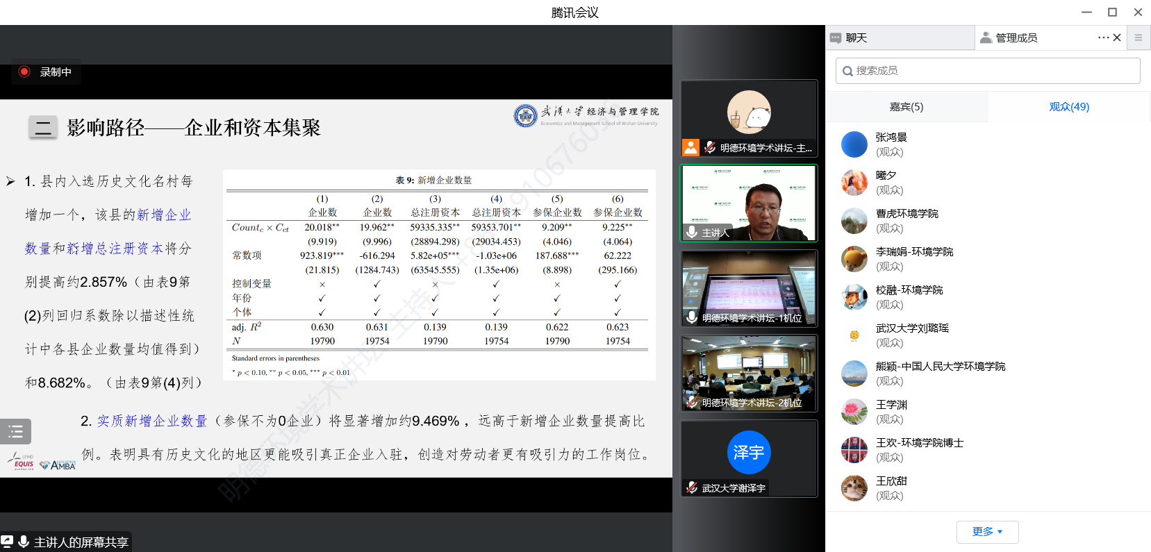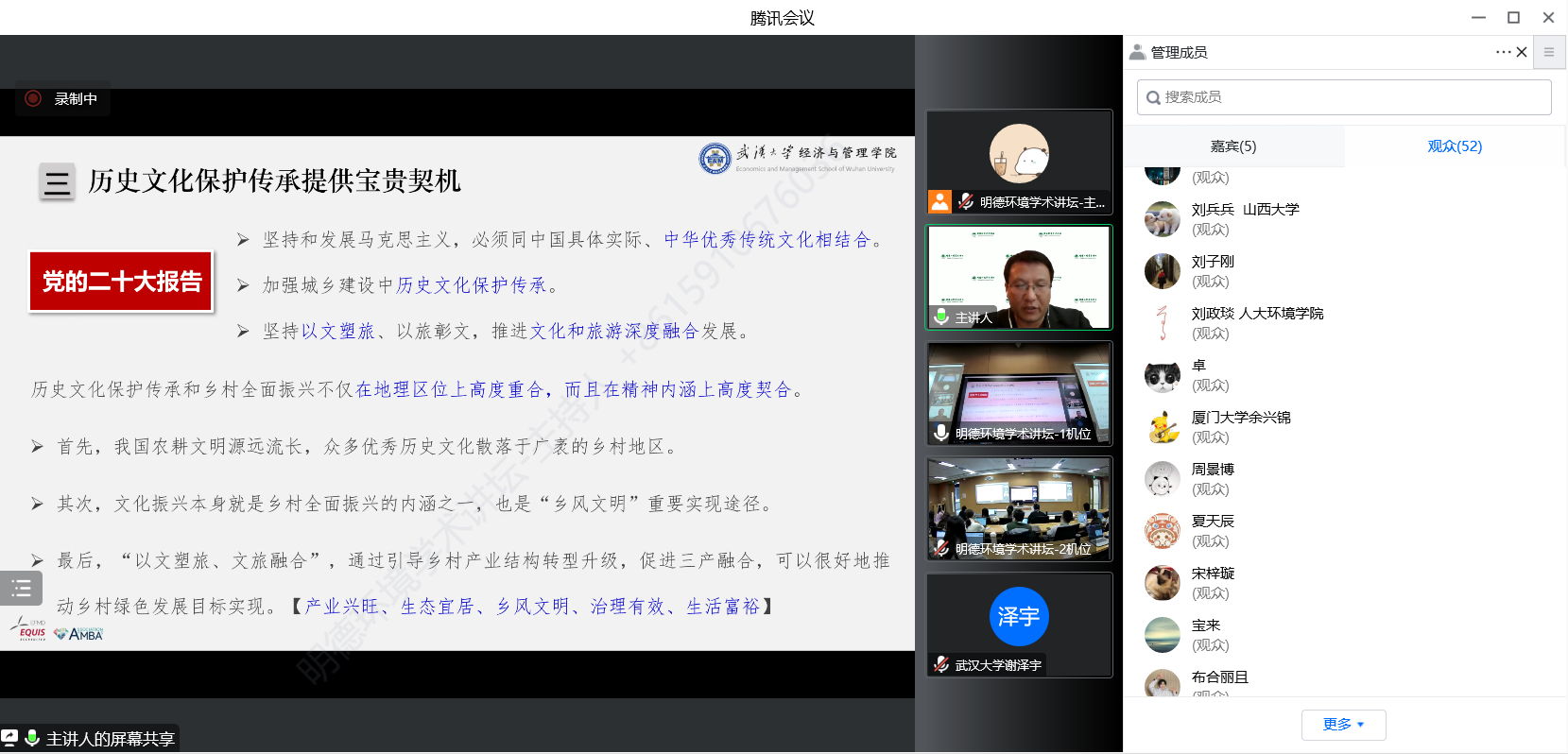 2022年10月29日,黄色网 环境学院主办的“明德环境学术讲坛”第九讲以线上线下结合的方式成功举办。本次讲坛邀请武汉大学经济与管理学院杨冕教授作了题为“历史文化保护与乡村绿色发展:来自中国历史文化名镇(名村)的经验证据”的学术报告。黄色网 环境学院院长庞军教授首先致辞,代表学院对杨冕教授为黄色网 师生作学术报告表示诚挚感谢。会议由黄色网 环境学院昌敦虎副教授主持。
...
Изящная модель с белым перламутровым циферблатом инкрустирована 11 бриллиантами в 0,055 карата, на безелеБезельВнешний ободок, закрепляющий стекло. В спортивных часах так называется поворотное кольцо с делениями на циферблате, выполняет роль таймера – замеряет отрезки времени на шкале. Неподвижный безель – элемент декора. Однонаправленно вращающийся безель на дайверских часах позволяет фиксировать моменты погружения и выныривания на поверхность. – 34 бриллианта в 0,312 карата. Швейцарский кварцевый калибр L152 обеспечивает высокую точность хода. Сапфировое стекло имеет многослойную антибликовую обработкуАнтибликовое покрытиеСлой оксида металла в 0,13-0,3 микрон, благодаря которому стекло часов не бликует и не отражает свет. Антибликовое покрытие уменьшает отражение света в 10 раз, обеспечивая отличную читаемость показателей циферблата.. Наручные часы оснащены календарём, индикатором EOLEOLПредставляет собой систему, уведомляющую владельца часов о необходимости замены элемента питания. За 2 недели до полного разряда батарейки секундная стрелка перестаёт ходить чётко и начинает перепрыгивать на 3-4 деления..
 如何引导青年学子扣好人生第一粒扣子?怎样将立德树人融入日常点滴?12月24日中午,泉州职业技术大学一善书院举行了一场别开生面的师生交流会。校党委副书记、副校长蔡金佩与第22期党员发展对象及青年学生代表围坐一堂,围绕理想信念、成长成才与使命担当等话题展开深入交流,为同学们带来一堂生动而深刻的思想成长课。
==
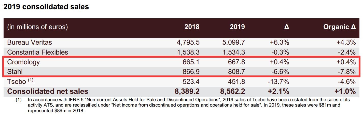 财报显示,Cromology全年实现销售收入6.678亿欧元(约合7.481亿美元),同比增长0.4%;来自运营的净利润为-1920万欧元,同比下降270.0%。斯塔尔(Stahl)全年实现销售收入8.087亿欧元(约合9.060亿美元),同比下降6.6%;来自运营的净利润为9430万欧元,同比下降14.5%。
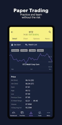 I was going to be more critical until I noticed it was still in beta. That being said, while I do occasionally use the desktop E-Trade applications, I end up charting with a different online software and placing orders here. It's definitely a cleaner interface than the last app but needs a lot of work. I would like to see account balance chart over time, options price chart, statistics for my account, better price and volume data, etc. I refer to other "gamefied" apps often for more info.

## [EXERCISE INSTRUCTIONS]
Among the entries above, the lines between the ones containing "Изящная модель с" and "如何引导青年学子扣好人生第一", inclusive, are to be transcribed exactly. No other line is to be given.

## [WRITTEN REPLY]
Изящная модель с белым перламутровым циферблатом инкрустирована 11 бриллиантами в 0,055 карата, на безелеБезельВнешний ободок, закрепляющий стекло. В спортивных часах так называется поворотное кольцо с делениями на циферблате, выполняет роль таймера – замеряет отрезки времени на шкале. Неподвижный безель – элемент декора. Однонаправленно вращающийся безель на дайверских часах позволяет фиксировать моменты погружения и выныривания на поверхность. – 34 бриллианта в 0,312 карата. Швейцарский кварцевый калибр L152 обеспечивает высокую точность хода. Сапфировое стекло имеет многослойную антибликовую обработкуАнтибликовое покрытиеСлой оксида металла в 0,13-0,3 микрон, благодаря которому стекло часов не бликует и не отражает свет. Антибликовое покрытие уменьшает отражение света в 10 раз, обеспечивая отличную читаемость показателей циферблата.. Наручные часы оснащены календарём, индикатором EOLEOLПредставляет собой систему, уведомляющую владельца часов о необходимости замены элемента питания. За 2 недели до полного разряда батарейки секундная стрелка перестаёт ходить чётко и начинает перепрыгивать на 3-4 деления..
 如何引导青年学子扣好人生第一粒扣子?怎样将立德树人融入日常点滴?12月24日中午,泉州职业技术大学一善书院举行了一场别开生面的师生交流会。校党委副书记、副校长蔡金佩与第22期党员发展对象及青年学生代表围坐一堂,围绕理想信念、成长成才与使命担当等话题展开深入交流,为同学们带来一堂生动而深刻的思想成长课。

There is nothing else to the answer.